- WHAT THE TASK REQUIRES -
The line with "Design: A flattering" starts the range, and the last line of the listing ends it. Retype that range exactly, without pictures.

- THE DATA -
——

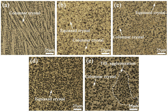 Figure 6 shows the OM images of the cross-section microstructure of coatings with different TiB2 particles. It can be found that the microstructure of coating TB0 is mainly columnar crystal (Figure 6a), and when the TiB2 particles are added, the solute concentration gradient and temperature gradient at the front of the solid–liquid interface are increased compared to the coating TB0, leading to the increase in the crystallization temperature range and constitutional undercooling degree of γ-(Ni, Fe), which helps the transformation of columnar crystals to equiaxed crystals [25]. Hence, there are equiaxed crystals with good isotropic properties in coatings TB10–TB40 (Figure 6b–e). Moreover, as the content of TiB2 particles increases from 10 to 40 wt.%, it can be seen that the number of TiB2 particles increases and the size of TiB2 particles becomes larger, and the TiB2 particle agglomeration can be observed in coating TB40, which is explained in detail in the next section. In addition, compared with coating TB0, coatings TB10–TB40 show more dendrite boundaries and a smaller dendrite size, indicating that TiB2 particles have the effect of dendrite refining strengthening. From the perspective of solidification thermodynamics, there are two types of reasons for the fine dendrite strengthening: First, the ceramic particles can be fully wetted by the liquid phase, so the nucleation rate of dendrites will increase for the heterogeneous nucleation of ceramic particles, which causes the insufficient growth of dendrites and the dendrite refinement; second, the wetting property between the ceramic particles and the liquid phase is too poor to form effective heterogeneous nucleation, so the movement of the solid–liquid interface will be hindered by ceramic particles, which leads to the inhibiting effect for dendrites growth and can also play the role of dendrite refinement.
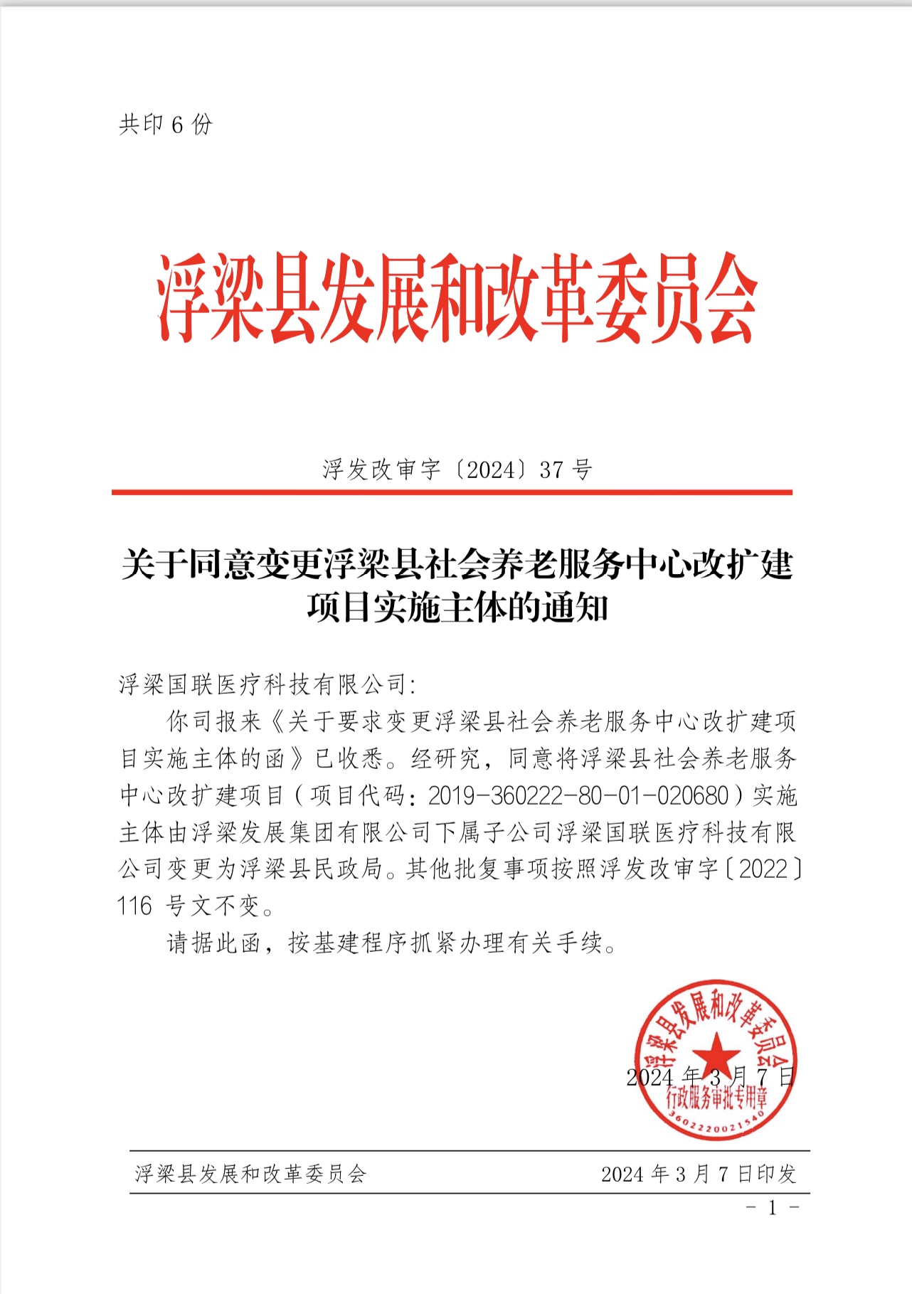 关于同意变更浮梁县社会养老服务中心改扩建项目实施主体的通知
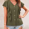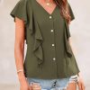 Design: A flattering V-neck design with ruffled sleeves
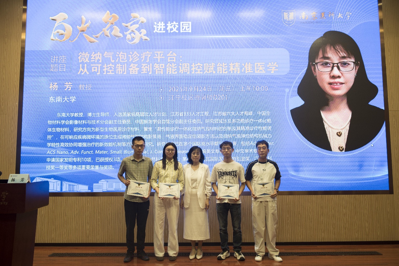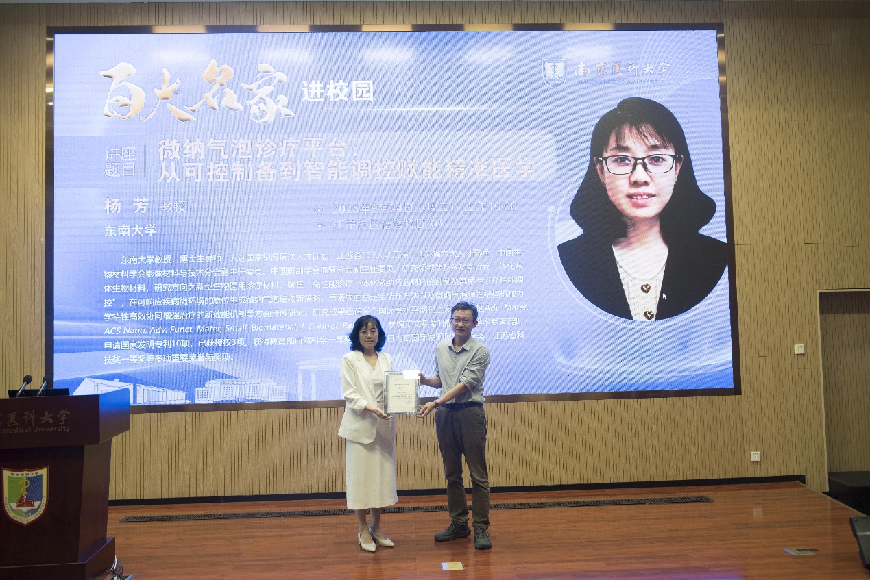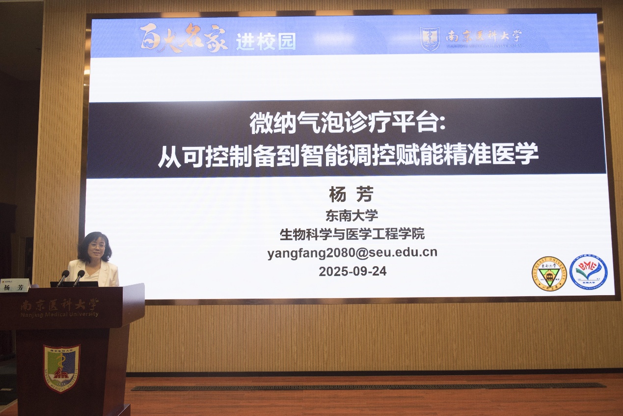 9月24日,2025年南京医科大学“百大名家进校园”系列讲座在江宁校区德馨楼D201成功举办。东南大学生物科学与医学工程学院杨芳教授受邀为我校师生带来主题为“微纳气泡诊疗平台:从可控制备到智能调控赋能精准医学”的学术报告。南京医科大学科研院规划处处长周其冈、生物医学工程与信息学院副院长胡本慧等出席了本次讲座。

——

- WRITTEN REPLY -
 Design: A flattering V-neck design with ruffled sleeves
 9月24日,2025年南京医科大学“百大名家进校园”系列讲座在江宁校区德馨楼D201成功举办。东南大学生物科学与医学工程学院杨芳教授受邀为我校师生带来主题为“微纳气泡诊疗平台:从可控制备到智能调控赋能精准医学”的学术报告。南京医科大学科研院规划处处长周其冈、生物医学工程与信息学院副院长胡本慧等出席了本次讲座。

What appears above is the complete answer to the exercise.